“What a fool I would have made of myself,” soliloquized Major Gordon, angrily, “if I had told her, five minutes ago, I loved her, as I was tempted to do. She is evidently plighted to this cousin, for in no other way can his cool assumption of authority over her be explained; and she has been only amusing herself with me; her look I misinterpreted, or, which is probably truer, she is the most arrant of coquettes.” An angry lover is rarely just or logical. “Why did I not see whither I was being led? Yes; if she had not been trifling with me, she would have mentioned her cousin at some time or another,” he continued, getting more enraged, “but it was necessary to her success to keep me ignorant of him, and so his name was studiously avoided. All she seems to think of now is the possibility of a collision between us, for he has probably returned sooner than she expected; and she dreads his haughty insolence. Well, my pretty lady, it would give me a pleasure, if the gentleman and I were alone, to make him taste my sword.”
In this way he rode on, sullen and apart, till they reached the gate of Sweetwater, where courtesy compelled him to approach to make his adieus.
“Won’t you come in?” said Kate, in her old, frank way, though in a lower, perhaps softer tone than usual.

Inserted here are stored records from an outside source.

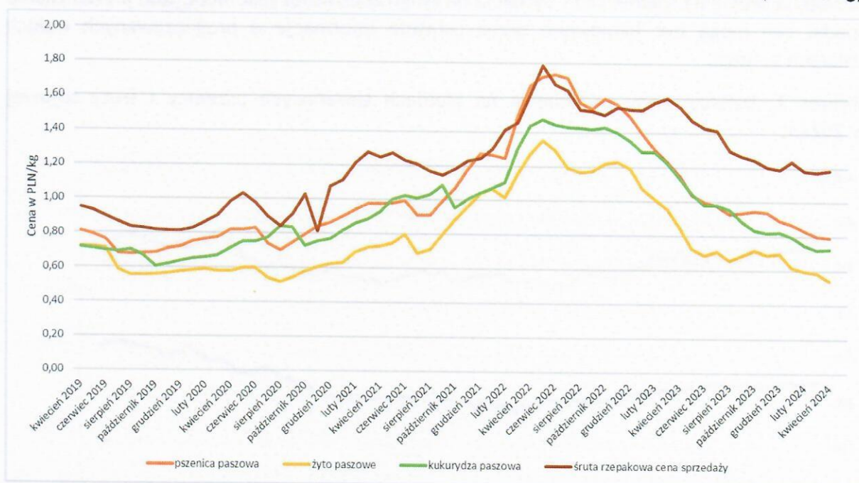
Wykres 2. Ceny krajowych surowców paszowych w Polsce od IV 2019 do IV 2024 (w PLN/kg)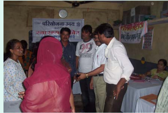
Member Counselor getting the information's from CGC member's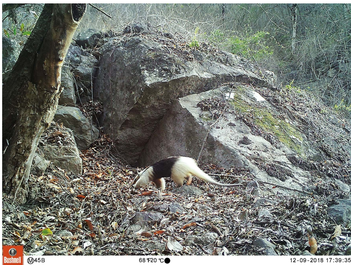
Figura 2. Ejemplar de Tamandua mexicana registrado en el Refugio de Vida Silvestre Udimá (Cajamarca, Perú).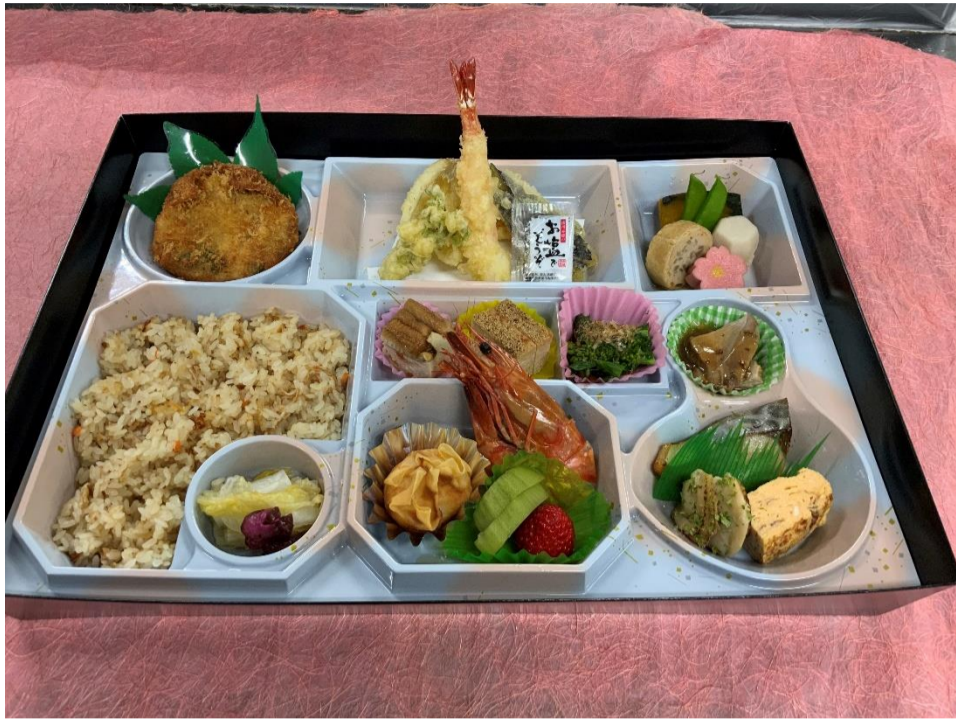
写真は 5,400 円です。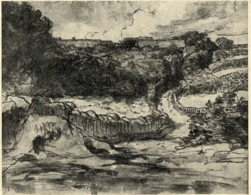
Corot : Tájkép

Faustjával az irodalomban, döbbetesen szép hét vázlattal van képviselve. Villámlástól megrettentarabs paripájának démoni szilüettszerűsége és Szent Sebestyénje örökre felejthetetlen annak, aki csak egyszer is látta. A lányvonalú, érzelmős Millet éppen úgy mélyen emberi rajzaiban, mint nagy munkáiban. Minden egyes ceruzahúzása nagy szellemét sugározza. Courbetnek csak egy szénrajza jutott Majovszkyhoz s bár a nagy realista szakadatlanul körülbelül azt hirdette, hogy az érzés ne tengjen túl a művészetben, mert megárthat az egészségnek, mégis ezen a rajzán erősen szentimentális. Pedig a valóságkereső Courbet megvetette az érzelgősséget és ezért mondotta egy alkalommal gúnyosan, hogy Corot nagyobb festő, mint ő, mert az még azt is megfesti, amit nem is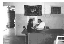
Figura 2. Entrevista realizada a una de las docentes de la II etapa.

Se utilizó la observación de tipo ordinaria, ya que los investigadores no formaron parte del grupo. Se empleó la hoja de registro, con aspectos relacionados al eje transversal ambiente y al enfoque inteligente. También se realizaron entrevistas semiestructuradas, aplicando el guión para entrevista, grabaciones, fotografías y filmaciones (Figura 2).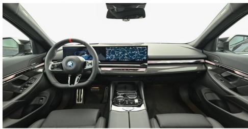
Neuper GmbH - Judenburg - www.neuper.at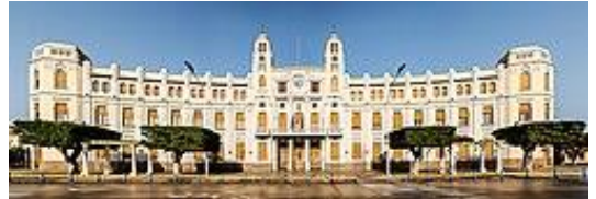
Palacio Asamblea de Melilla

In an instant he forgot his indignation. But recollecting that he could not be mistaken, and saying to himself that this was only another of her wiles, he answered, coldly—
“No, I thank you,” and, replacing his hat ceremoniously, he rode stiffly on, internally cursing the whole sex, from Kate back to mother Eve, as irritated lovers will.
CHAPTER XVII.
JEALOUSY
I care not for her, I. —Shakespeare.
It is a quarrel most unnatural,
To be revenged on him that loveth thee. —Shakespeare.
The instant Major Gordon was out of sight of Sweetwater, and had plunged into the forest that lay between it and his quarters, he gave vent to the angry emotions that had raged, like a suppressed volcano, in his bosom.
His first ebullition was directed against Aylesford. The insolent tone of the cousin, in recalling, galled him to the quick; and his hand instinctively sought the hilt of his sword, when he remembered that supercilious and confident look. A savage, almost murderous feeling took possession of him. He muttered between his teeth. “If I had him alone, here in the forest, with a clearing of but a dozen yards or so, he should answer for his conduct with his life.”